За кухонным столом, возложив левую ногу на столешницу, а правой опираясь об пол, сидит стройный очкарик лет шестнадцати, и перелистывает страницу за страницей толстую книженцию в красном переплете, при этом то и дело производя то, что одни называют поросячьим визгом, а другие — лошадиным ржанием, а то и два в одном, если вкратце — смехом, сопровождаемый междометиями.
В соседей комнате, в гостиной, нервно ёрзая в кресле, сидит другой паренек года не три младше вышеописанного, большеголовый, коренастый, и пытается построить карточный домик. Однако его затея ему не удается, ибо карты из-за его дрожащих рук валятся; по выражению его хмурого и недовольного лица видно, что смех, доносящийся из кухни, его очень раздражает. 
— Лёлек, — кричит раздраженный паренек, — ты прекратишь ржать?! Ей-богу, как лошадь ржешь! Ты мне мешаешь! Я не могу сосредоточиться!
Смех временно прекращается.
Когда «строитель» с содроганием сердца пытается положить последнюю карту на шаткую конструкцию, чтобы достроить условную крышу, смех из кухни с еще большей силой возобновляется и… Вся конструкция разлетается, валится в тартарары. Разозленный этим фиаско паренек вскакивает с кресла и мчится в кухню выпустить пар на того, кого он давеча называл Лёликом, своего старшего брата.
— Лёлек, — чуть ли не визжит младший брат, — мне из-за твоего гадкого… мерзкого… отвратительного смеха не удается построить домик!
— Карточный, что ли? — обернулся старший к младшему.
— А хоть бы и карточный! — продолжал вопить малец.
— Тебе что, Болек, делать нечего? Ты уроки сделал?
Последний вопрос старшего брата смутил младшего, отчего тот смолчал.
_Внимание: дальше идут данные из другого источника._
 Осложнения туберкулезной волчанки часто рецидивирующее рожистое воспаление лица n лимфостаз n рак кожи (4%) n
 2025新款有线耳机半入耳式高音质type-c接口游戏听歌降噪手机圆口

— То-то! — улыбнулся Лёлек.
— А что там в книге такого смешного, что ты так ржешь? — укоризненно спросил Болек.
— Много чего смешного, братишка, — сказал Лёлек. — А все-таки, «Похождения бравого солдата Швейка» — классная вещица: что не страница, так полный ржач. Вот, послушай, Болек…
И старший брат начал цитировать большие куски из книги, при этом не сдерживая смеха: «В сумасшедшем доме каждый мог говорить все, что взбредет ему в голову, словно в парламенте». Ну, ха-ха-ха, не смешно ли?! А?! Или вот еще: «Когда Швейка (это – главный герой в книге) заперли в одну из бесчисленных камер в первом этаже, он нашел там общество из шести человек. Пятеро сидели вокруг стола, а в углу на койке, как бы сторонясь всех, сидел шестой - мужчина средних лет. Швейк начал расспрашивать одного за другим, за что кого посадили. От всех пяти, сидевших за столом, он получил почти один и тот же ответ.
- Из-за Сараева.
- Из-за Фердинанда.
- Из-за убийства эрцгерцога.
- За Фердинанда.
- За то, что в Сараеве прикончили эрцгерцога.
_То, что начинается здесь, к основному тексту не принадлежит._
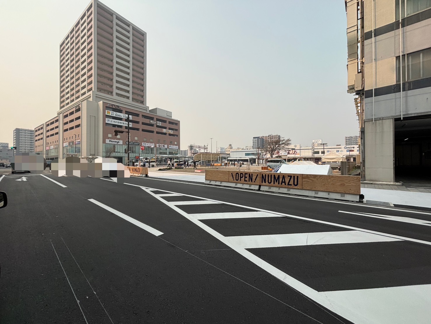 沼津駅南口の西武だったところらへんの沼津駅南口交差点、南北地上横断化工事。

Шестой, - он всех сторонился, - заявил, что не желает иметь с этими пятью ничего общего, чтобы на него не пало подозрения, - он сидит тут всего лишь за попытку убийства». Ха-ха-ха, надо же, «он сидит тут всего лишь за попытку убийства»…  «всего лишь»! Ха-ха-ха… Как тебе, Болек?!
— И что тут смешного, не понимаю, — недоумевал младший брат.
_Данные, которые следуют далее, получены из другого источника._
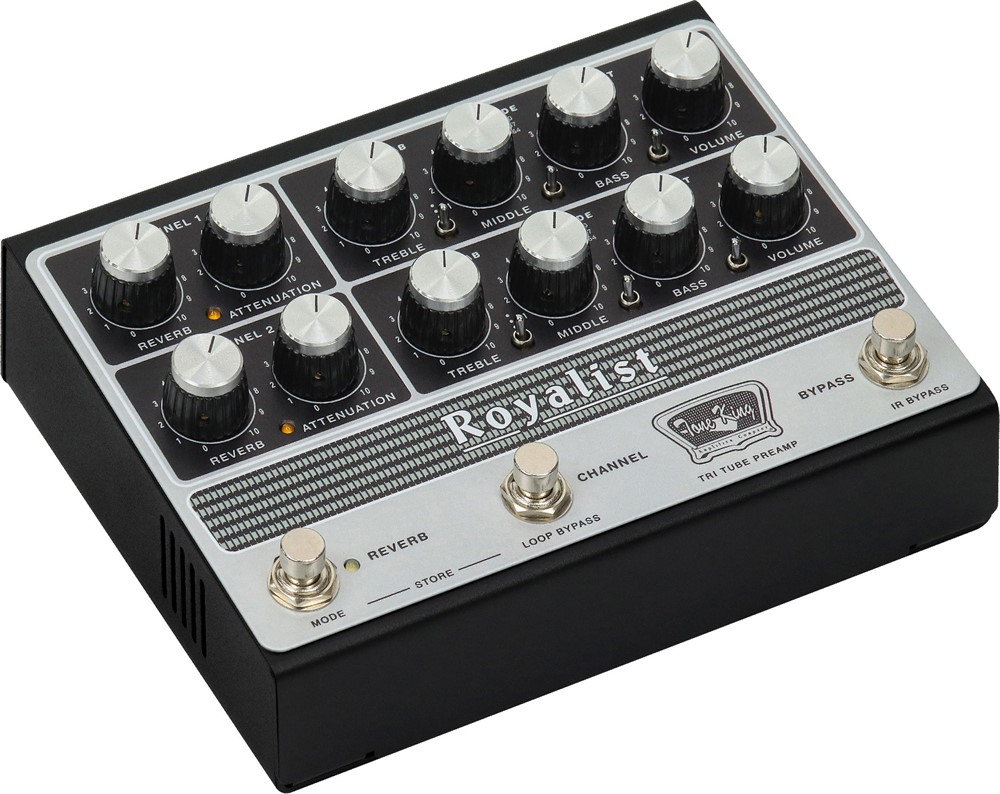 Tone King Royalist Preamp bringer lyden og følelsen fra Royalist MKIII-forsterkeren til et pedalbordvennlig format tilpasset moderne scene- og studiobruk. Bygget rundt tre 12AX7-rør som drives med full høyspenning, leverer den anslagsfølsomhet, dynamisk respons og harmonisk rikdom slik man forventer fra en ekte rørforsterker.

— Ну, если тебе не смешно, — продолжал смеяться старший, — значит, ты еще не дорос.
— «Не дорос», — передразнил Болек Лёлека и заключил: — Да чепуха полная!
— Не скажи. За такую чепуху, Болек, в то время можно было загреметь в тюрьму… И надолго, скажу тебе! Оно и понятно, Ярослав Гашек, автор, через своего Швейка, он же главный герой романа, типичный такой трикстер, типа, Карлсона, Бендера, которого в Габсбургской системе признали идиотом, высмеивает Австро-Венгерскую Империю, которая втянулась в Первую мировую войну на стороне Германии. Вот, послушай еще: «— Как вы думаете, Швейк, война еще долго протянется? — Пятнадцать лет, — ответил Швейк. — Дело ясное. Ведь раз уже была Тридцатилетняя война, теперь мы наполовину умнее, а тридцать поделить на два — пятнадцать». Ха-ха-ха…
— А кто такой «трикстер»? — поинтересовался младший, пока старший смеялся над тем, что уже успел процитировать.
— Подрастешь, ха-ха-ха, узнаешь, — продолжая смеяться, сказал старший, и вставая из-за стола, подошел к газовой плите, чтобы поставить чайник на огонь.
— Что, трудно объяснить?! А еще страшим братом называешься, — упрекнул младший.
— Ладно, Болек, объясню. Ты только не дуйся, а то лопнешь как мыльный пузырь.
— Ну, не тяни кота за хвост, Лёлек! — нетерпеливо заверещал младший.
— Трикстер — это… — начал было Лёлек, вновь сев на свое место, — трикстер — это… Как бы это сказать… Ну, ты, Болек, что стоишь как вкопанный? Садись и слушай, коли тебе интересно. Не стой над душой.
Болек сел за стол.
— …это такой литературный герой в сказках, рассказах, — продолжал старший брат, пытаясь сформулировать свой ответ. — К примру, Карлсон, который, как ты знаешь, живет на крыше, тоже трикстер. Вреда от трикстера никому нет — ни хорошим, ни плохим, но он как бы высмеивает, как хорошее, если оно чересчур, так и, разумеется, плохое.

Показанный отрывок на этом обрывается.